2023 NHL Draft prospect profile: Roman Kantserov has yet to show his dominance beyond the MHL
The undersized winger is a point-per-game player in the Russian Junior league. How do you evaluate those statistics in 2023?
It is difficult to get a firm grasp of Roman Kantserov's ability. On the one hand, he has been a scoring machine in the Russian junior league for almost four full seasons. On the other hand, he has only made one lonely appearance in the senior leagues. Should this be considered a red flag, when you take into account that Kantserov is one of the older players in this draft class?
Birthplace: Magnitogorsk, Russia
Date of birth: September 20, 2004
Weight: 176 lbs.
Team: Stalnye Lisy Magnitogorsk (MHL)
If you want quality playmaking, this is where you go to hang your hat. Kantserov is a quality passer of the puck and can squeeze his passes onto a teammate's stick with surgical precision. A smart craftsman, the Magnitogorsk native has thus far been able to rely on his cerebral advantage to stay ahead of the curve against opponents who are physically superior to him.
As of today, he has an impressive record of 132 points (66G, 66A) in 147 games. If you discount the 47 games he played as a 16-year-old back in 2020-21, he is above a point-per-game. Would he be held in a universally higher regard if he was just two inches taller? Without a doubt.
Hockey is a physical game though, and being the smartest player in Russian Junior hockey is not equivalent to being dominant in the best hockey league in the world. Since he has yet to prove his play at a higher level, it is improbable to see him being chosen on the first night of the draft.

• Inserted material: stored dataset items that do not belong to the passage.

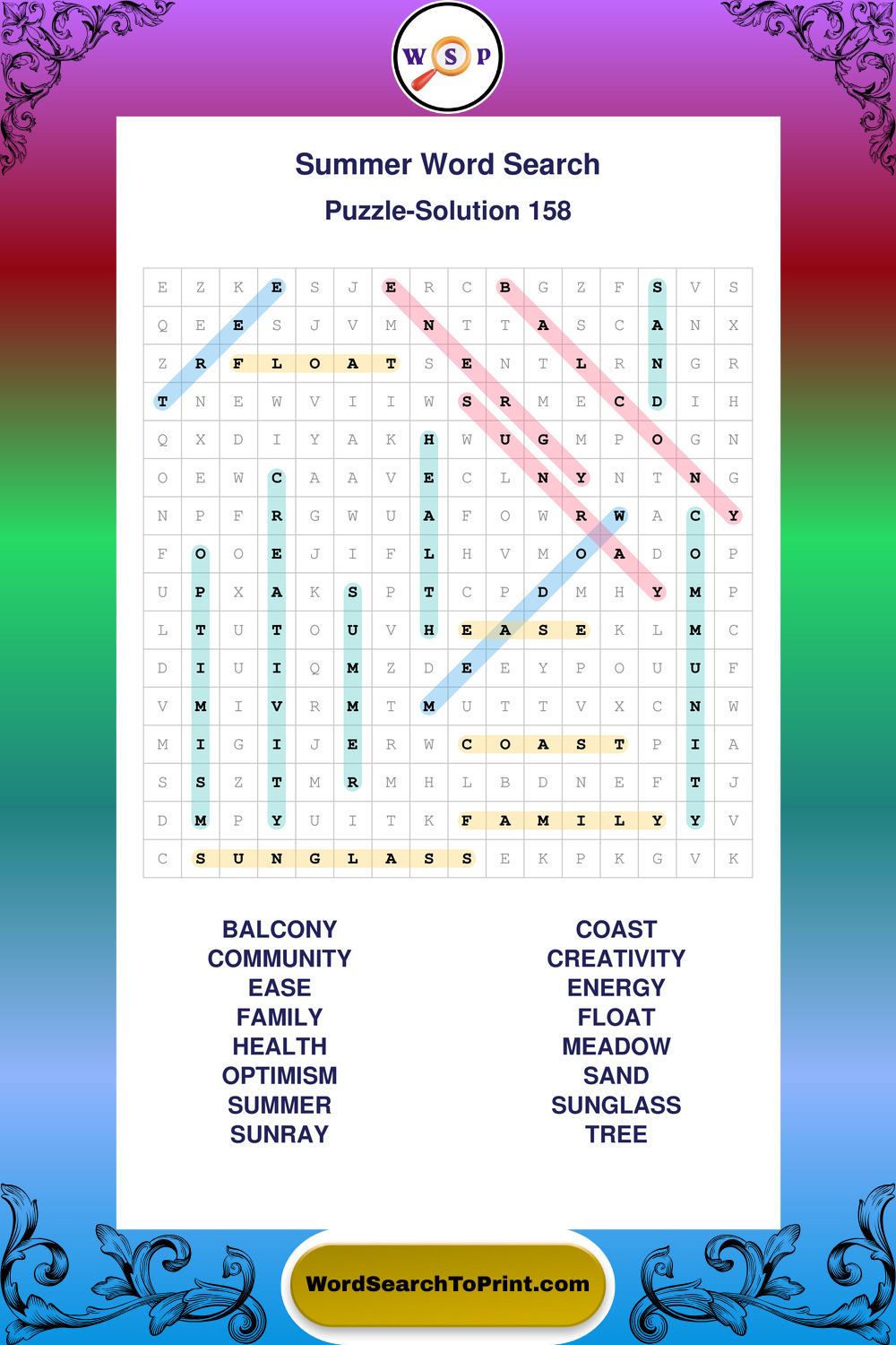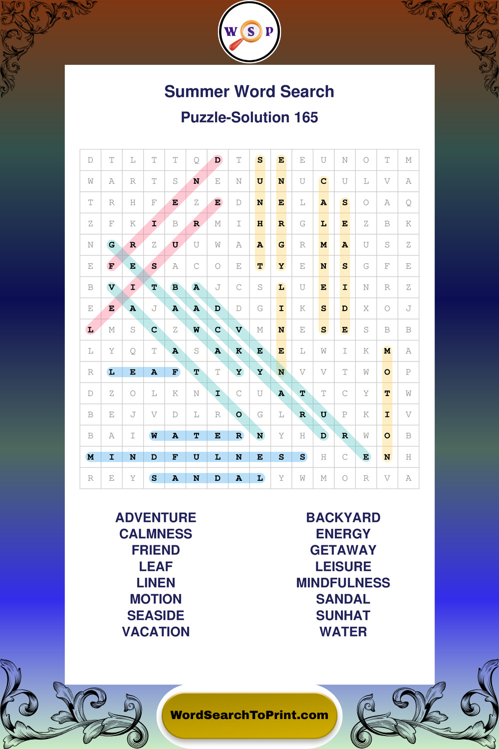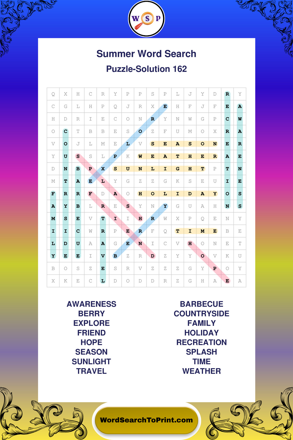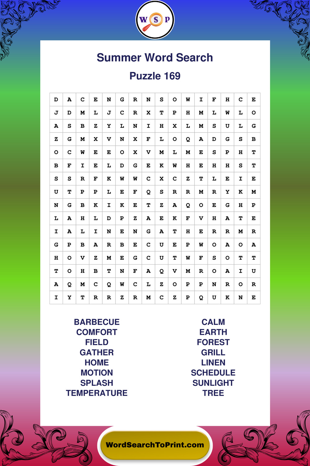 Browse large print Summer wordsearches created to support clear vision, steady concentration, and relaxed solving.
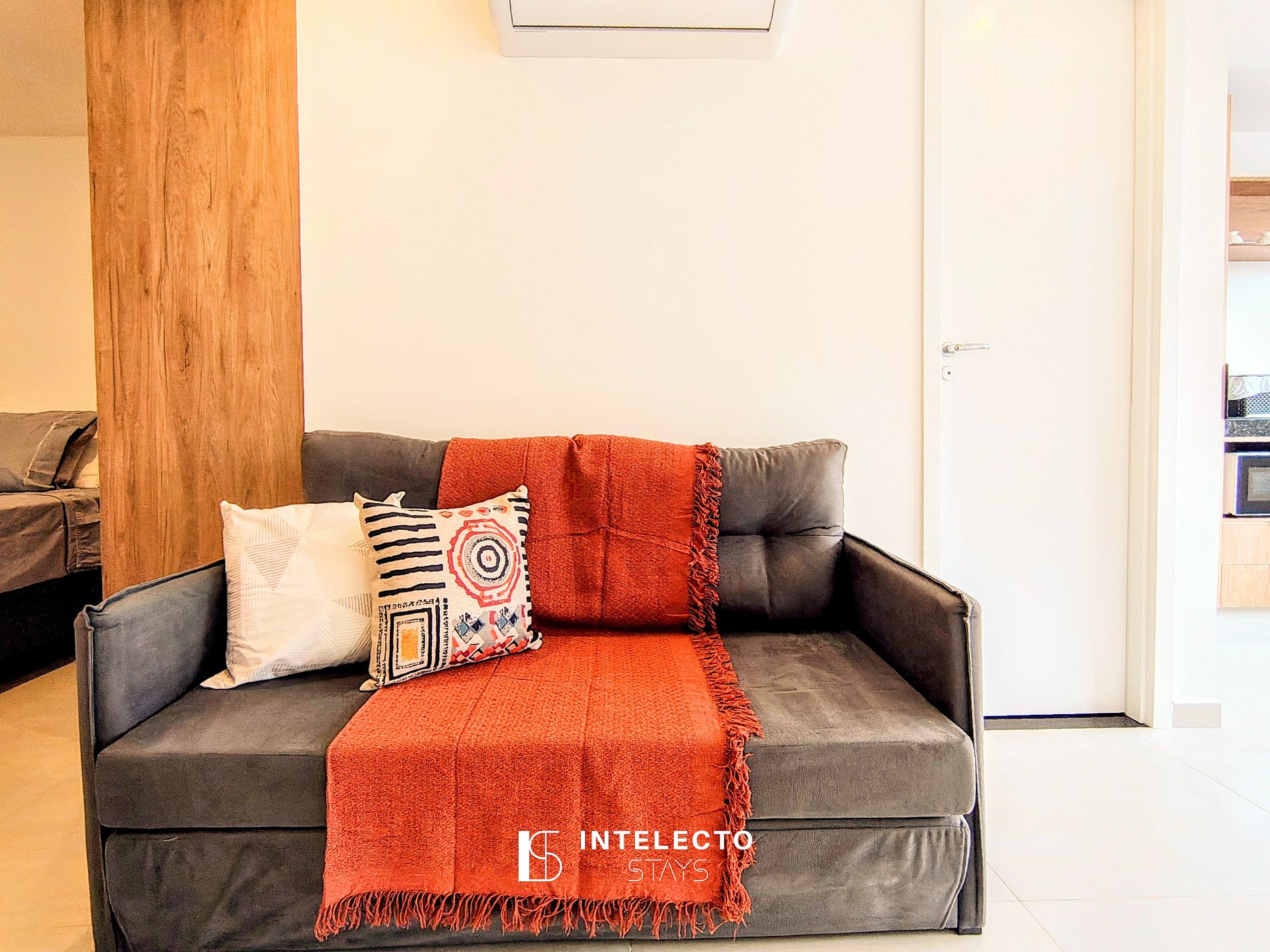 - Espaços integrados (quarto com cama queen e sala de estar com sofá) com armários e guarda-roupas planejados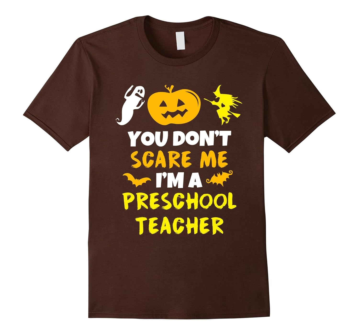 Solid colors: 100% Cotton; Heather Grey: 90% Cotton, 10% Polyester; All Other Heathers: 65% Cotton, 35% Polyester; Imported; Machine wash cold with like colors, dry low heat; you dont scare me im a preschool teacher school education educator halloween party happy scary witch pumpkin ghost ghoul horror. cant wait to wear this!; quote textual saying cool gift ideas joke funny humor sarcastic; Lightweight, Classic fit, Double-needle sleeve and bottom hem

Add in the fact that Russian junior teams are now banned from major tournaments and we have little to nothing to go on in regards to how players like Kantserov look against more advanced opposition.
Dobber Prospects: N/R in Top 64
Elite Prospects: N/R in Top 80
Hockey Prospect: N/R in Top 75
Hadi Kalakeche: N/R in Top 75
Bob McKenzie (TSN): N/R in Top 80
NHL Central Scouting: #16 (European Skaters)
Corey Pronman (The Athletic): N/R in Top 37
Scott Wheeler (The Athletic): N/R in Top 64
There are not a ton of rankings to go on here. Two outlets have him in and around their first round conversation, while others don't even have him going in their opening two rounds. To provide some added context, Draft Prospects Hockey, who we don't feature in our preliminary rankings here above, have him ranked 50th overall as well.
Going back to the initial question; should we be worried about the fact that Metallurg Magnitogorsk has kept Kantserov in the MHL for three full seasons without even trying him in the senior second tier?
Well, yes and no. Metallurg's AHL affiliate is not a local one. Their VHL team plays their games in Kurgan, a city 600 kilometres away from Magnitogorsk. Hence, it can in some ways make sense to keep a young player around, playing MHL hockey and remaining under the tutelage of the KHL management in the home city. Especially when you are still eligible for junior hockey. Development is key, and playing games is crucial.
We can see from Zauralie Kurgan's roster that they currently have two players born in 2003 and an additional four players born in 2002. This adds to the theory that Metallurg chooses to hold their most talented youngsters in the MHL for as long as they can, only lifting them up to play senior level hockey as they are aging out of Junior.
In a few years time, it's completely possible that we look back at the 2023 NHL Draft and see one of the best Russian classes in recent memory. Apart from obvious ace Matvei Michkov, players like Daniil But, Dmitri Simashev, Mikhail Gulyayev, Timur Mukhanov, and Alexander Rykov will have their fans among the scouting communities.
However, the fact remains that there are considerable risks involved with using an early draft selection on a player who has yet to demonstrate his dominance beyond his own age group. Especially when the player in question is an undersized winger playing in Russia.